● PROVIDED DATA:

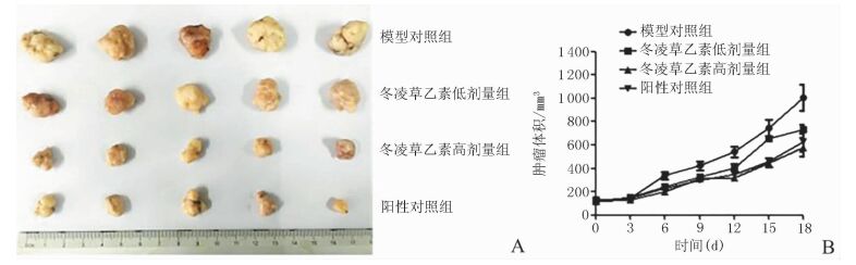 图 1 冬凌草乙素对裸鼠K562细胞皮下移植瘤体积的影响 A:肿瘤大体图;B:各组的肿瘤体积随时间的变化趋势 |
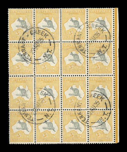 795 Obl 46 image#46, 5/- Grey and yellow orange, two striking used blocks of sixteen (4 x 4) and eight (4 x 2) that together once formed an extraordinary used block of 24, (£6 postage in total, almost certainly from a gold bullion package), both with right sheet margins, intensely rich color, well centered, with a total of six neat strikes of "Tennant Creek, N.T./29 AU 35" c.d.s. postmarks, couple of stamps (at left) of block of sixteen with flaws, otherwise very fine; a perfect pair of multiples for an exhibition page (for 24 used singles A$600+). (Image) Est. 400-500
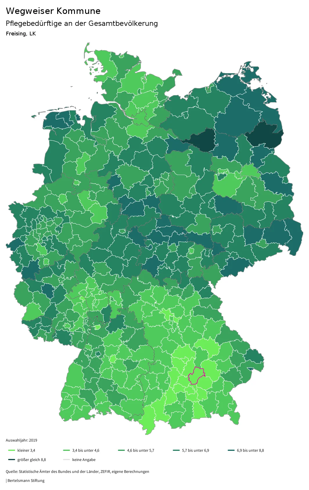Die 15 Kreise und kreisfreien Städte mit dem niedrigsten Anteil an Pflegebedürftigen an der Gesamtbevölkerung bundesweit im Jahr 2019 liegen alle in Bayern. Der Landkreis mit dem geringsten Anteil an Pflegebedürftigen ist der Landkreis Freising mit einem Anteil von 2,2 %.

* * *

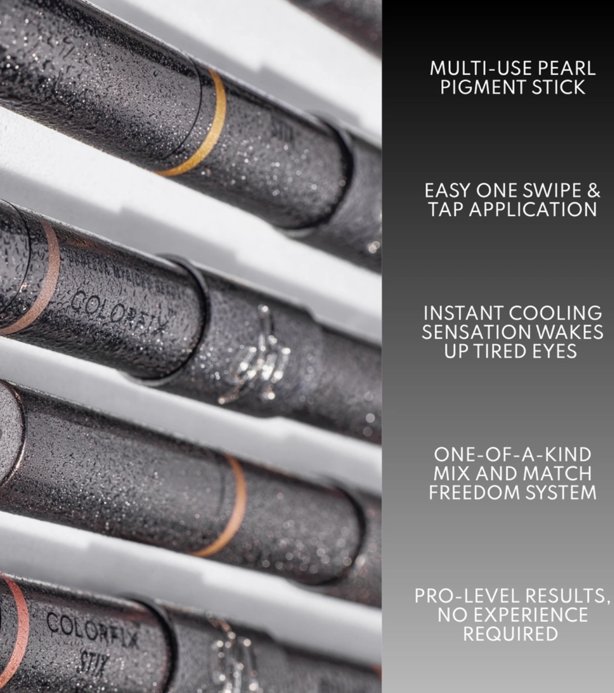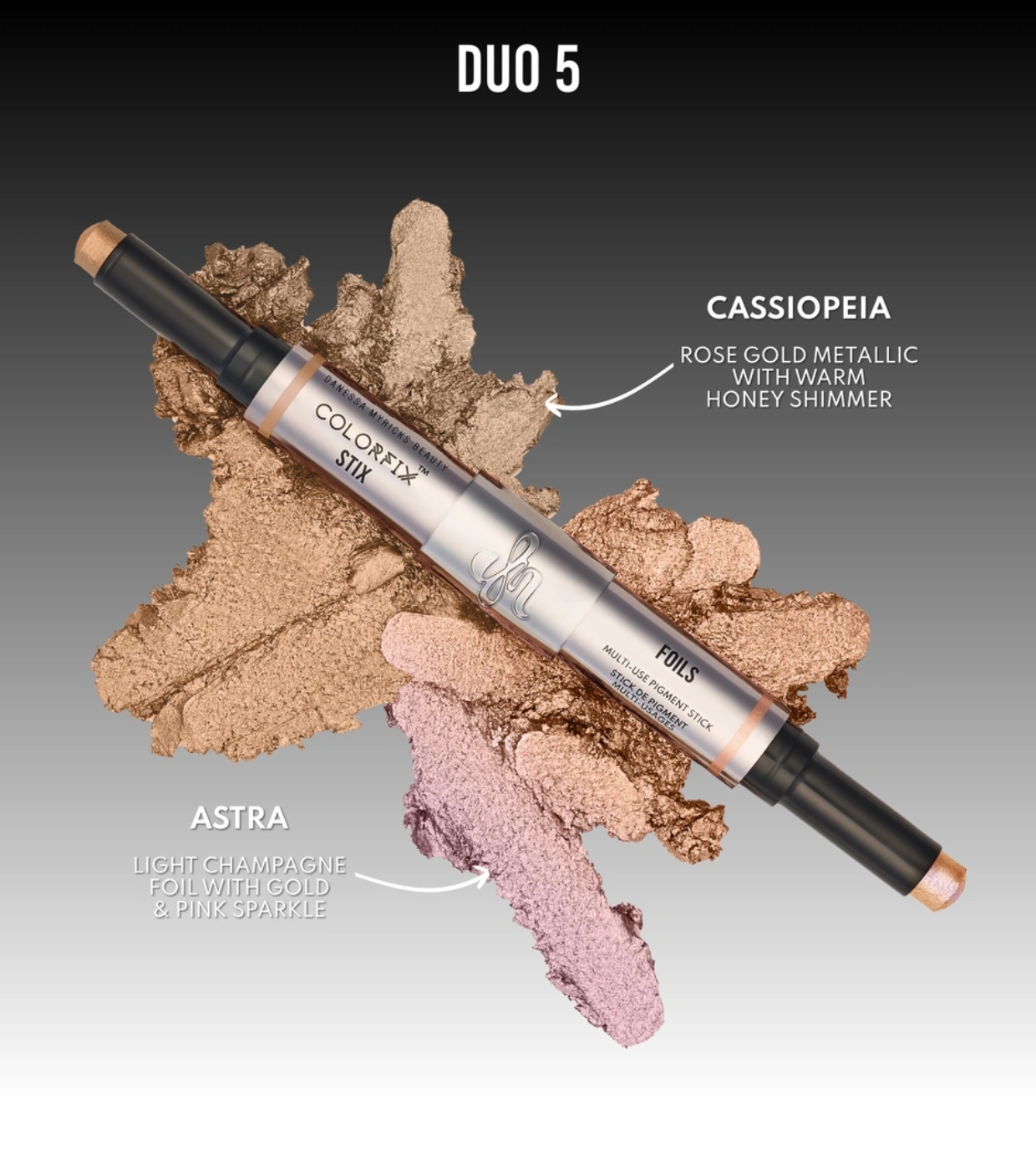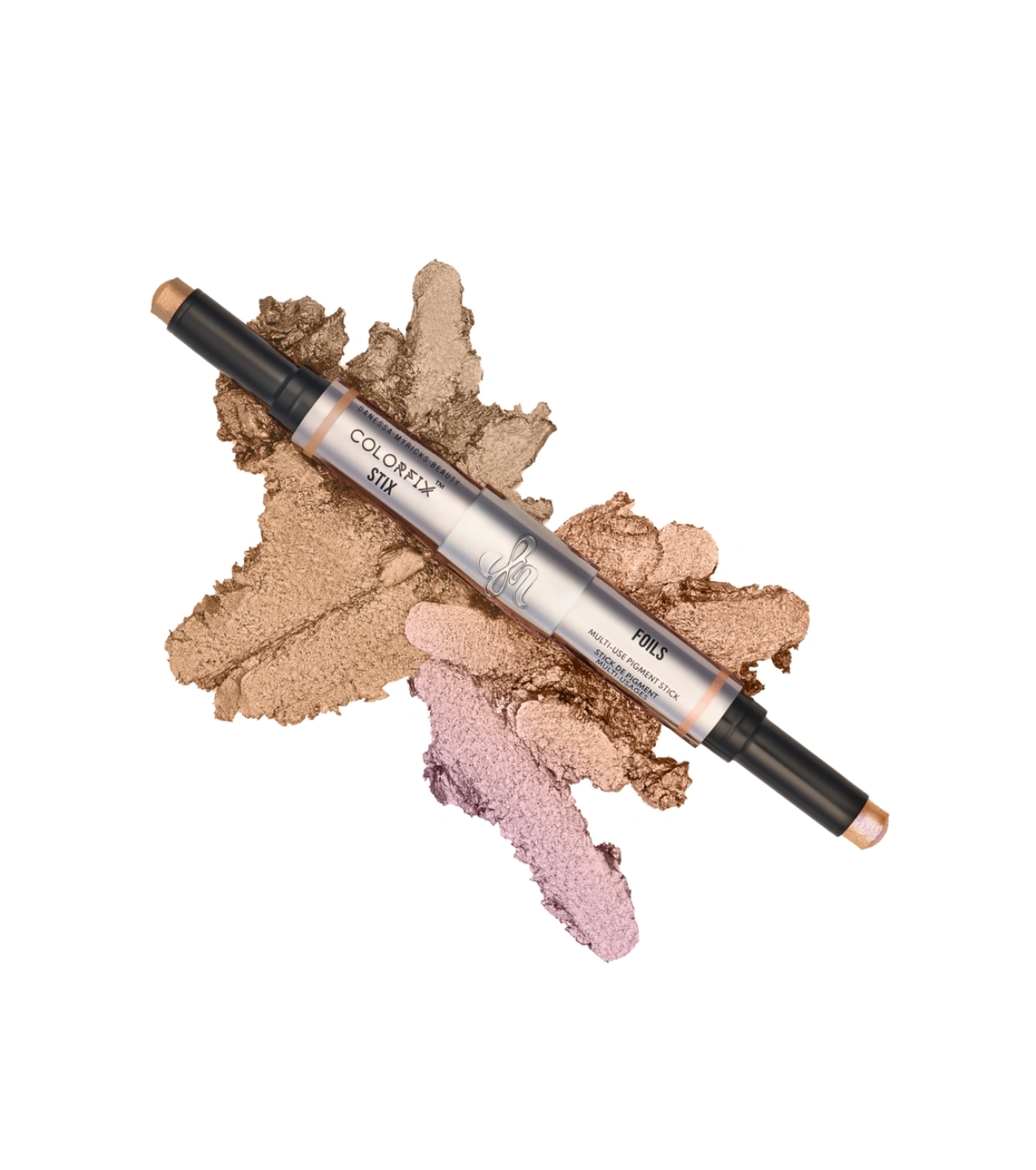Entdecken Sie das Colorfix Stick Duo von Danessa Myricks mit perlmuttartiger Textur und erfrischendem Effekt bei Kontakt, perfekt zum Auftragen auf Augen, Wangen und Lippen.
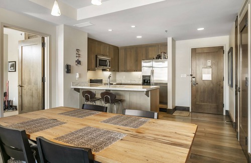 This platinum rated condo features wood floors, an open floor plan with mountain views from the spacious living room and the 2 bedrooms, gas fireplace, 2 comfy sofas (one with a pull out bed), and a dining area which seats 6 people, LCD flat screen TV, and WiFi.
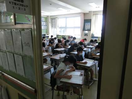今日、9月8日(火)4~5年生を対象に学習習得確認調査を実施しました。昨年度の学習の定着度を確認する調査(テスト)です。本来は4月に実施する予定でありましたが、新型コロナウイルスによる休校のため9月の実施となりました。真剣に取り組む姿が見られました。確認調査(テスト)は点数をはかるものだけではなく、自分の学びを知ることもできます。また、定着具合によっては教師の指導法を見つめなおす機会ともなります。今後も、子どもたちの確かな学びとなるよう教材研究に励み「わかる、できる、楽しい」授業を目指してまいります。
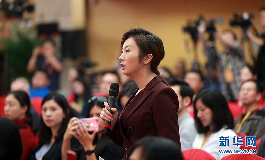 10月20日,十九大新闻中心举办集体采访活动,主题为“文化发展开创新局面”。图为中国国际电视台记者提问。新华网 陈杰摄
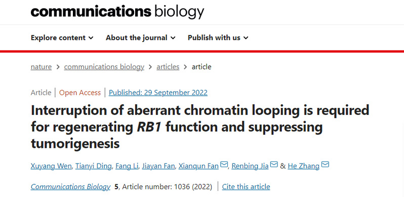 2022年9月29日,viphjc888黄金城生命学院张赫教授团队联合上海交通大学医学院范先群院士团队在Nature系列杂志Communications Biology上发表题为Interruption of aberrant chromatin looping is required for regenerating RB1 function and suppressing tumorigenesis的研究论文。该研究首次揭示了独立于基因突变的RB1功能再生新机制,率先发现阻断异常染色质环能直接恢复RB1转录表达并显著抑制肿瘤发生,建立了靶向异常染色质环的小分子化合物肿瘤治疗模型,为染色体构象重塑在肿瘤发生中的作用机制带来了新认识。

● TASK DESCRIPTION: Nothing but the lines above from the one that has "This platinum rated" down to the one that has "Biology上发表题为Interruption of aberrant" belongs in the answer, copied exactly, without pictures.

● TASK RESULT:
 This platinum rated condo features wood floors, an open floor plan with mountain views from the spacious living room and the 2 bedrooms, gas fireplace, 2 comfy sofas (one with a pull out bed), and a dining area which seats 6 people, LCD flat screen TV, and WiFi.
今日、9月8日(火)4~5年生を対象に学習習得確認調査を実施しました。昨年度の学習の定着度を確認する調査(テスト)です。本来は4月に実施する予定でありましたが、新型コロナウイルスによる休校のため9月の実施となりました。真剣に取り組む姿が見られました。確認調査(テスト)は点数をはかるものだけではなく、自分の学びを知ることもできます。また、定着具合によっては教師の指導法を見つめなおす機会ともなります。今後も、子どもたちの確かな学びとなるよう教材研究に励み「わかる、できる、楽しい」授業を目指してまいります。
 10月20日,十九大新闻中心举办集体采访活动,主题为“文化发展开创新局面”。图为中国国际电视台记者提问。新华网 陈杰摄
 2022年9月29日,viphjc888黄金城生命学院张赫教授团队联合上海交通大学医学院范先群院士团队在Nature系列杂志Communications Biology上发表题为Interruption of aberrant chromatin looping is required for regenerating RB1 function and suppressing tumorigenesis的研究论文。该研究首次揭示了独立于基因突变的RB1功能再生新机制,率先发现阻断异常染色质环能直接恢复RB1转录表达并显著抑制肿瘤发生,建立了靶向异常染色质环的小分子化合物肿瘤治疗模型,为染色体构象重塑在肿瘤发生中的作用机制带来了新认识。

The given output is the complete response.